**MATERIAL PROVIDED:**
────────────────────────────────────────

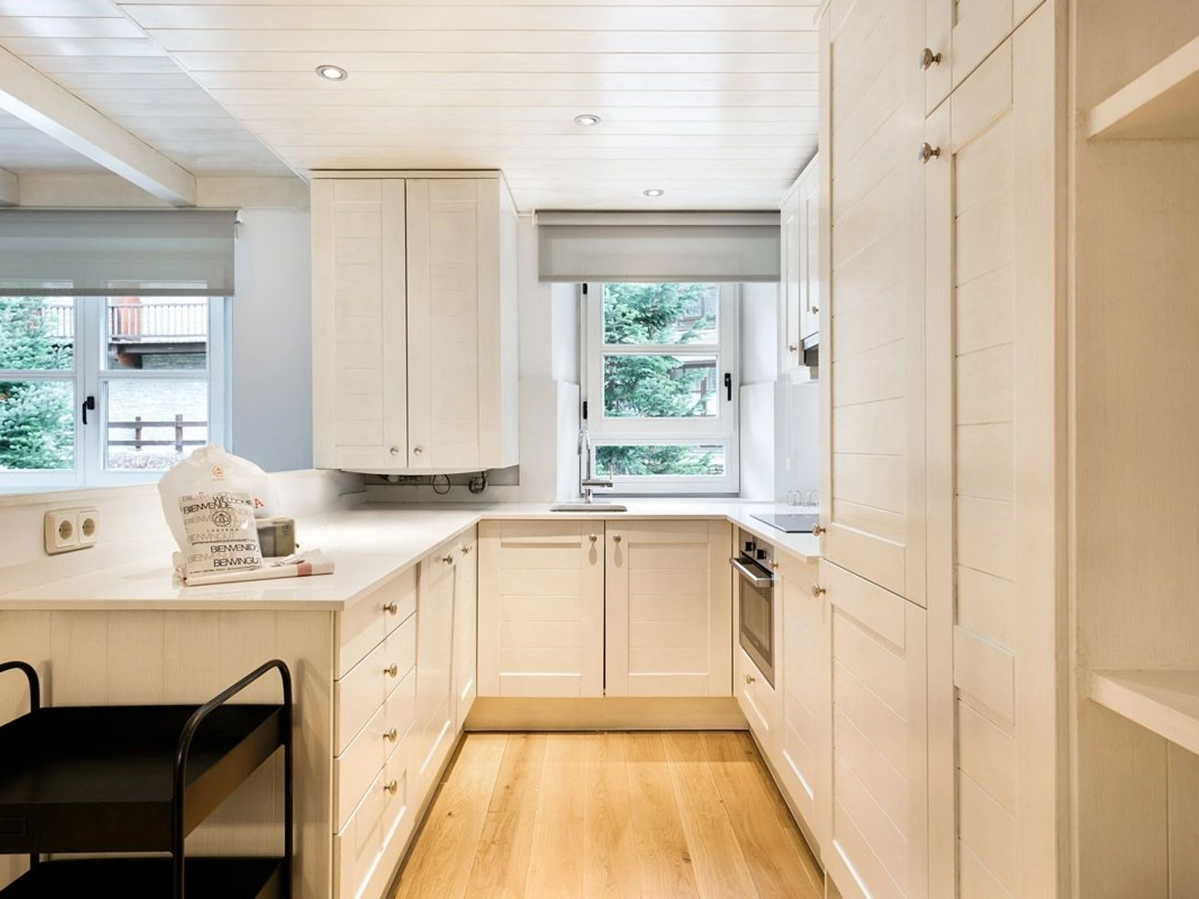 Dieses küche, ist ausgestattet in kühlschrank, backofen, gefrierschrank, spülmaschine, kochutensilien, kaffeemaschine, toaster, wasserkocher und saftpresse.
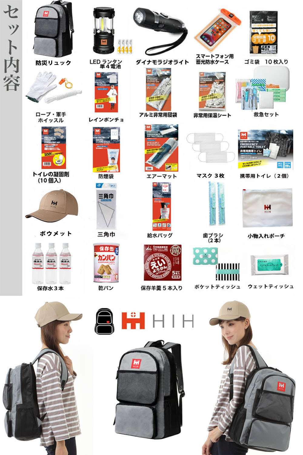 防災リュック/ボウメット(ブラックorベージュ)/防災ラジオライト(3in1ケーブル付属)/光る防水スマホケース/COBミニスライドランタン/単4電池(必要本数分)/カンパン/井村屋えいようかん/保存水(3本)/非常用給水バッグ/携帯用トイレ(2個)/トイレ凝固剤(10個入)/ポリ袋(10枚入)/マスク(3枚)/スモークガードパック/小物入れポーチ/エマージェンシー3点セット(軍手・笛・ロープ)/冷熱遮断エアーマット/簡易寝袋/歯ブラシ(2本)/レインポンチョ(男女兼用1組)/アルミ保温シート/ポケットティッシュ(2個)/ウェットティッシュ/三角巾/エイドクルー9点(爪切り・はさみ・耳かき・ピンセット・爪ヤスリ・絆創膏・綿棒・包帯・コットンパフ)
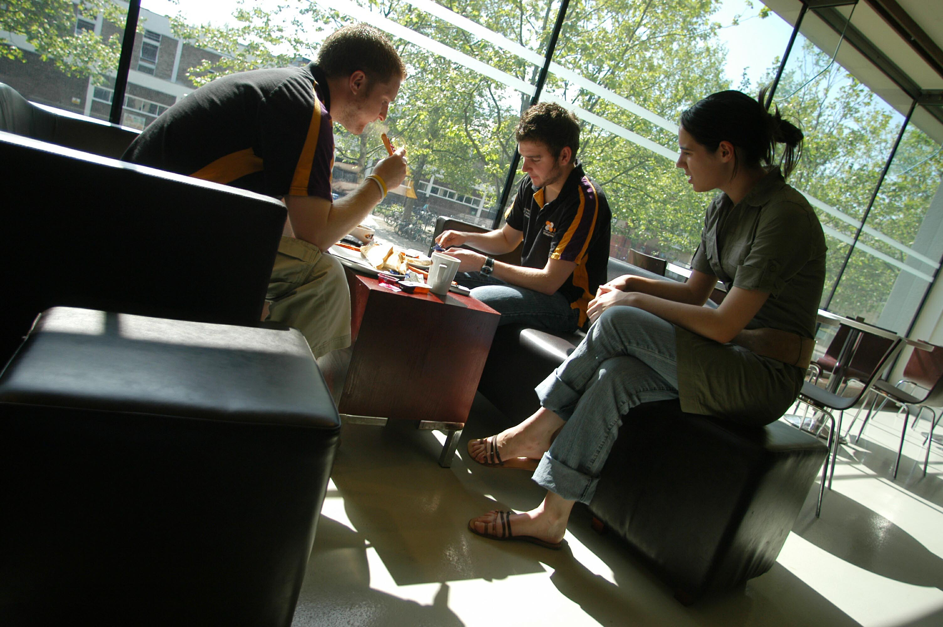 Pic by Si Barber - 07739 472 922 Students (L-R) Andi Thwaites, Ciaran Pietzka, and Kim Tebbutt in the refectory area of the Anglia Polytechnic University, Cambridge. 270505. Ordered by Ranjit

────────────────────────────────────────

**TRY IT:** Set down all of the material above exactly as written, leaving the pictures out.

**RESULT FOR THIS EXERCISE:**
 Dieses küche, ist ausgestattet in kühlschrank, backofen, gefrierschrank, spülmaschine, kochutensilien, kaffeemaschine, toaster, wasserkocher und saftpresse.
 防災リュック/ボウメット(ブラックorベージュ)/防災ラジオライト(3in1ケーブル付属)/光る防水スマホケース/COBミニスライドランタン/単4電池(必要本数分)/カンパン/井村屋えいようかん/保存水(3本)/非常用給水バッグ/携帯用トイレ(2個)/トイレ凝固剤(10個入)/ポリ袋(10枚入)/マスク(3枚)/スモークガードパック/小物入れポーチ/エマージェンシー3点セット(軍手・笛・ロープ)/冷熱遮断エアーマット/簡易寝袋/歯ブラシ(2本)/レインポンチョ(男女兼用1組)/アルミ保温シート/ポケットティッシュ(2個)/ウェットティッシュ/三角巾/エイドクルー9点(爪切り・はさみ・耳かき・ピンセット・爪ヤスリ・絆創膏・綿棒・包帯・コットンパフ)
 Pic by Si Barber - 07739 472 922 Students (L-R) Andi Thwaites, Ciaran Pietzka, and Kim Tebbutt in the refectory area of the Anglia Polytechnic University, Cambridge. 270505. Ordered by Ranjit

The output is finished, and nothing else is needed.